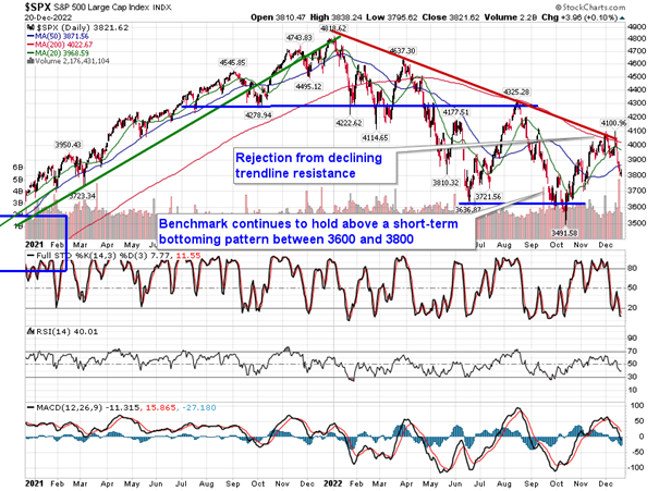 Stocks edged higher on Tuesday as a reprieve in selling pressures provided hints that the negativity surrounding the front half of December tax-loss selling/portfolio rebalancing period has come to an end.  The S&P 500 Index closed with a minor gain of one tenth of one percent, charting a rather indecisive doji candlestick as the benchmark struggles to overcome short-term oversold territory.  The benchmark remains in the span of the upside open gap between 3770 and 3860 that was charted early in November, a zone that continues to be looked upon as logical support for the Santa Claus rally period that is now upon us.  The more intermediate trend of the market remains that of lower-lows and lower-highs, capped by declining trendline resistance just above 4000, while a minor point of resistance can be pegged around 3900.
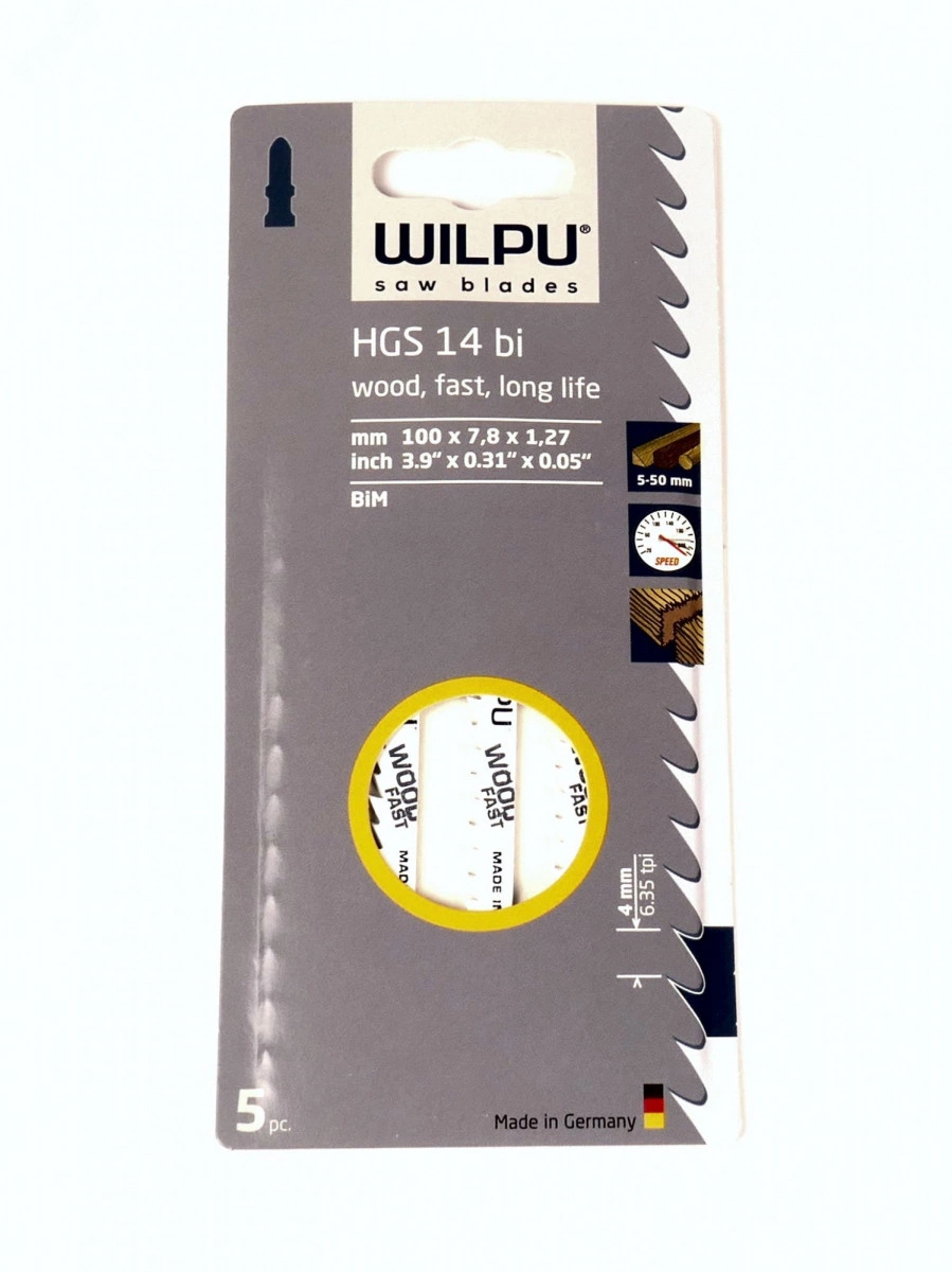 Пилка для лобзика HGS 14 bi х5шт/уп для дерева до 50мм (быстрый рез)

::::

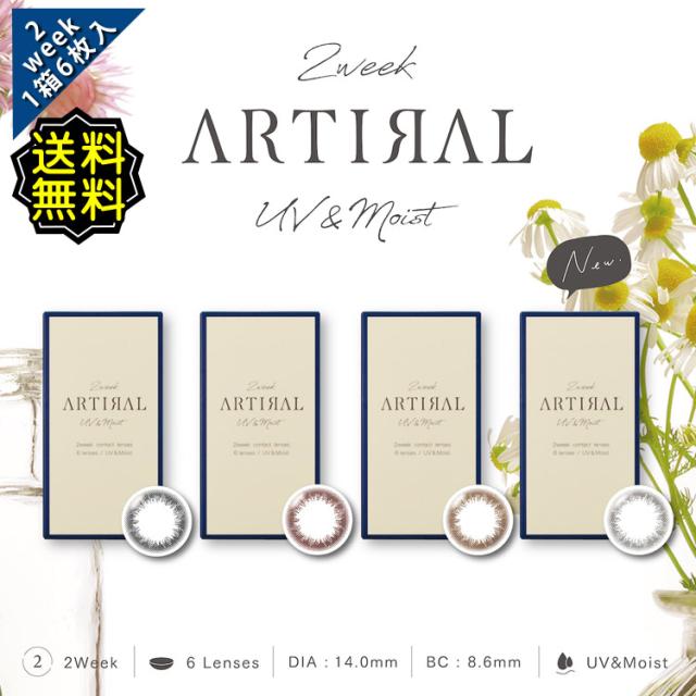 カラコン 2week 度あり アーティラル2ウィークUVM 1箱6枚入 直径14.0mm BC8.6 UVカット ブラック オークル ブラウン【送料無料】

::::

Try it.
Would you output the lines above from the line holding "Stocks edged higher" up to and including the line holding "Пилка для лобзика", exactly and only those, with no pictures?

Response for this exercise.
 Stocks edged higher on Tuesday as a reprieve in selling pressures provided hints that the negativity surrounding the front half of December tax-loss selling/portfolio rebalancing period has come to an end.  The S&P 500 Index closed with a minor gain of one tenth of one percent, charting a rather indecisive doji candlestick as the benchmark struggles to overcome short-term oversold territory.  The benchmark remains in the span of the upside open gap between 3770 and 3860 that was charted early in November, a zone that continues to be looked upon as logical support for the Santa Claus rally period that is now upon us.  The more intermediate trend of the market remains that of lower-lows and lower-highs, capped by declining trendline resistance just above 4000, while a minor point of resistance can be pegged around 3900.
 Пилка для лобзика HGS 14 bi х5шт/уп для дерева до 50мм (быстрый рез)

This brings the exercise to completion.